In the UK, GDP contracted in the third quarter; the weakness of leading indicators, and the sharp rise in interest rates means a more fundamental recession is setting in, or will soon. While the US is slowing, growth remains positive, with consumer spending especially resilient. But we take a more leading signal from the contraction in housing indicators.

 
 

Despite signs that inflation is peaking, our analysis implies that taming core inflation requires a substantial rise in unemployment. And critically, we think the Fed is prepared to do what is necessary.

In China, despite excitement about a double pivot towards easing zero-Covid and property sector policies, rising Covid cases are contributing to a near-term worsening in growth. A forceful recovery in housing is unlikely with developer funding conditions tight, the pipeline of activity depressed, and a supply overhang.

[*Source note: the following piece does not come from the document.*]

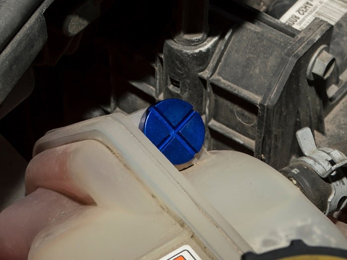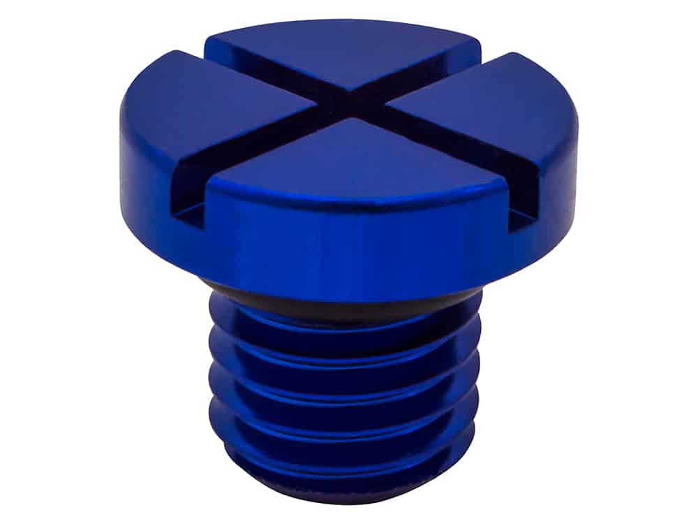 Smart replacement anodised aluminium bleed screws for the coolant overflow container.

Across broader emerging markets, macro prospects vary considerably. Asia is best placed, while parts of Latin America are close to easing monetary policy. Inflation is still too high in the central and eastern European countries, while many frontier emerging markets are in the midst of crisis.

 

Global headline inflation pressures are passing their peak. But core inflation will prove stickier, as labour markets are too tight and firms have too much pricing power.

This means we envisage more rate hikes in the near-term, including another 1.0% from the US Fed and European Central Bank, and 1.5% from the Bank of England, by the end of the first quarter of 2023. Risks are skewed towards even more.

But the demand destruction during the recessions should ultimately put significant downward pressure on core inflation.

 
 

The upshot is that we think central banks will be in rate cutting mode again by late 2023. We project US interest rates to return to the effective lower bound by late 2024 and both UK and Euro area interest rates to do the same. 

Risks are skewed towards weaker growth but higher inflation than the consensus expects. We have introduced a “sticky inflation” scenario in which tightening triggers recession, but underlying inflation proves more persistent.

Even then though, the policy rate falls well below 2% across the mean of all scenarios. This is why we are bullish on duration heading into next year, as well as currency proxies like the yen and Swiss franc.

 

The outlook for risk assets on an excess return basis is poorer. After the recent rallies, a soft landing is increasingly priced into equites and credit spreads. In our opinion, a durable rally will need to wait until the recessions are established.